= Alexander Soddy =

British composer and pianist (born 1982)

Alexander Soddy (born 20 December 1982) is a British conductor and pianist.

Since the 2016–17 season, Soddy has been general music director at the Nationaltheater Mannheim and in this capacity also artistic director of the Musikalische Akademie des Nationaltheater-Orchesters Mannheim. From 2013 to 2016, he was chief conductor at the Stadttheater Klagenfurt. From 2010 to 2012, he was engaged as Kapellmeister at the Hamburg State Opera.

==Artistic career==
Soddy was born in Oxford and trained as a chorister at Magdalen College in his home town before beginning his conducting and vocal studies at the Royal Academy of Music in London. At the same time he was a piano student of the pianist and chamber music expert Michael Dussek. Subsequently, Soddy studied musicology and music analysis at Cambridge on a choral scholarship from Selwyn College. After graduating in 2004, he was engaged as a répétiteur and conductor at the National Opera Studio in London, where he was supported by the Friends of Covent Garden and the Scottish Opera.

In October 2005, Soddy became répétiteur at the Hamburg State Opera and, after only a short time, first musical assistant to general music director Simone Young. From 2010 to 2012, he was engaged as Kapellmeister at the Hamburg State Opera. In the 2008–09 season, he made his debut there with Mozart's The Magic Flute and subsequently conducted among others La bohème, Rigoletto, Don Giovanni, La traviata, Lucia di Lammermoor as well as Gounod's Faust and Bizet's Carmen. Engagements followed at the Bavarian State Opera in Munich (Die Zauberflöte, La bohème), the Berlin State Opera (Die Zauberflöte, Der Freischütz) and the Royal Swedish Opera (La bohème, Madama Butterfly). From 2013 to 2016, he was chief conductor at the Stadttheater Klagenfurt, where he led among others the new productions of Der Rosenkavalier and Macbeth. In the new production of Der Ring des Nibelungen at the Bayreuth Festival from 2013 to 2015, he took over the musical study direction alongside Kirill Petrenko. In the 2014–15 season, Soddy made his debut at the Oper Frankfurt and the Cologne Opera. In the 2017–18 season followed his debut at houses such as New York's Metropolitan Opera with Puccini's La bohème, at the Semperoper Dresden with Weber's Der Freischütz, at the Vienna State Opera with Il barbiere di Siviglia as well as at the English National Opera with Britten's A Midsummer Night's Dream.

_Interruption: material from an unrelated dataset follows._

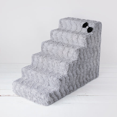 Luxury Pet Stairs 6 Step Dove Grey offers exclusive quality. Luxury Pet Stairs handmade by Hello Doggie, covered in soft and silky luxurious fabric with a removable satin crystal bow to add a royalty feel to your home Perfect to help your pet with a boost around the house for high couches and beds for safety and comfort to spend more time with Mommy and Daddy High-density foam provides the perfect balance of stability and support. With a removable covered zipped up to perfection, these pet stairs can be washed and re-zipped back for a nice clean look every time Gentle Wash, Tumble Dry low.

Since the beginning of the 2016–17 season, Soddy has been General Music Director at the Mannheim National Theatre and has conducted the premieres of Giuseppe Verdi's Aida, Schumann's Genoveva, Beethoven's Fidelio and Mozart's Don Giovanni as well as numerous revivals, including Hansel and Gretel, Madama Butterfly, Elektra, Der Rosenkavalier, Tannhäuser, Lohengrin and Parsifal. Under his direction, a large-scale Bruckner cycle was performed from 2017 to 2023. He also champions works rarely heard in Germany such as Benjamin Britten's War Requiem and the premiere of symphonic commissions. In the 2018–19 season, Soddy conducted the new productions of Die Meistersinger von Nürnberg (directed by Nigel Lowery) and Pelléas et Mélisande (directed by Barrie Kosky) at the Nationaltheater Mannheim. In addition to the Academy Concerts in Mannheim, concert engagements have taken him to Germany and the US.

==Private life==
Soddy lives in Mannheim with his wife, soprano Trine Wilsberg Lund, and two daughters. His parents and two siblings live in Oxfordshire and London, England. Soddy is related to Frederick Soddy, winner of the Nobel Prize in Chemistry in 1921.

==Press commentaries==
- "The musical side of [the Mozart premiere of Don Giovanni] succeeded to the fullest extent this evening, and was downright thrilling. The Mannheim Opera Orchestra was well rehearsed, immensely inspired and beautiful in sound. GMD Alexander Soddy brought out the drama of the music effectively. He excitingly shaped the climaxes, emphasised the changing dynamics with striking sforzati and crescendi, and formed magnificent lines. Thus the music gained transparency and volume." (Bachtrack, 17 July 2018.)
- "What came to an end here was not music, or a symphony or anything like that, but the darkness and the doubt that gnaws at us. A kind of 'White Mass', then. And when it came to an end, in the Rosengarten in Mannheim ..., it was not applause that was heard. It was jubilation such as has not been experienced in an Academy concert, at least not in the past thirteen years. ... Soddy manages, with a completely light and ... direct approach, to free Bruckner from all earthiness ... and allow him to fly. ... Soddy arranges things on the spot and knows what belongs where. This leads to the unbelievably perfect sound picture." – Stefan Dettlinger (Mannheimer Morgen, 3 July 2018)
- "How Soddy holds the three levels of the work [War Requiem by Benjamin Britten] ... together and cleverly interweaves them: great! ... In general, this evening is one of the most impressive that the Academy has produced in recent years. Consternation and jubilation last for a long time." (Mannheimer Morgen, April 2018)
- "Britten's atmospheric score, with its contrasting textures for the three worlds, is beautifully played under the Germany-based English conductor Alexander Soddy, a notable ENO debut." – Martin Kettle (The Guardian, 2 March 2018)
- "The orchestra is in extremely good shape after general music director Alexander Soddy took over." – Stefan Dettlinger (Mannheimer Morgen, 11 January 2017)
- "Alexander Soddy, the young orchestra director, is – after four encounters in recent years, it may be said decidedly – one of the most eminent conducting talents in opera for years. In these actually undramatic 'Conversations' [Dialogues des Carmélites] ... he instinctively sets precisely sounded out dramatic accents, as it were from within. The delicate colourfulness and luminosity that he creates thanks to the fabulous homogeneity and playing culture of the Carinthian Symphony Orchestra is exemplary. His unerring sense of sound perfectly benefits the idiom of the work, gives it intelligent contour and, through its austere beauty, banishes the ever latent danger of being suspected of kitsch." – Karl Harb (Salzburger Nachrichten, 21 February 2015)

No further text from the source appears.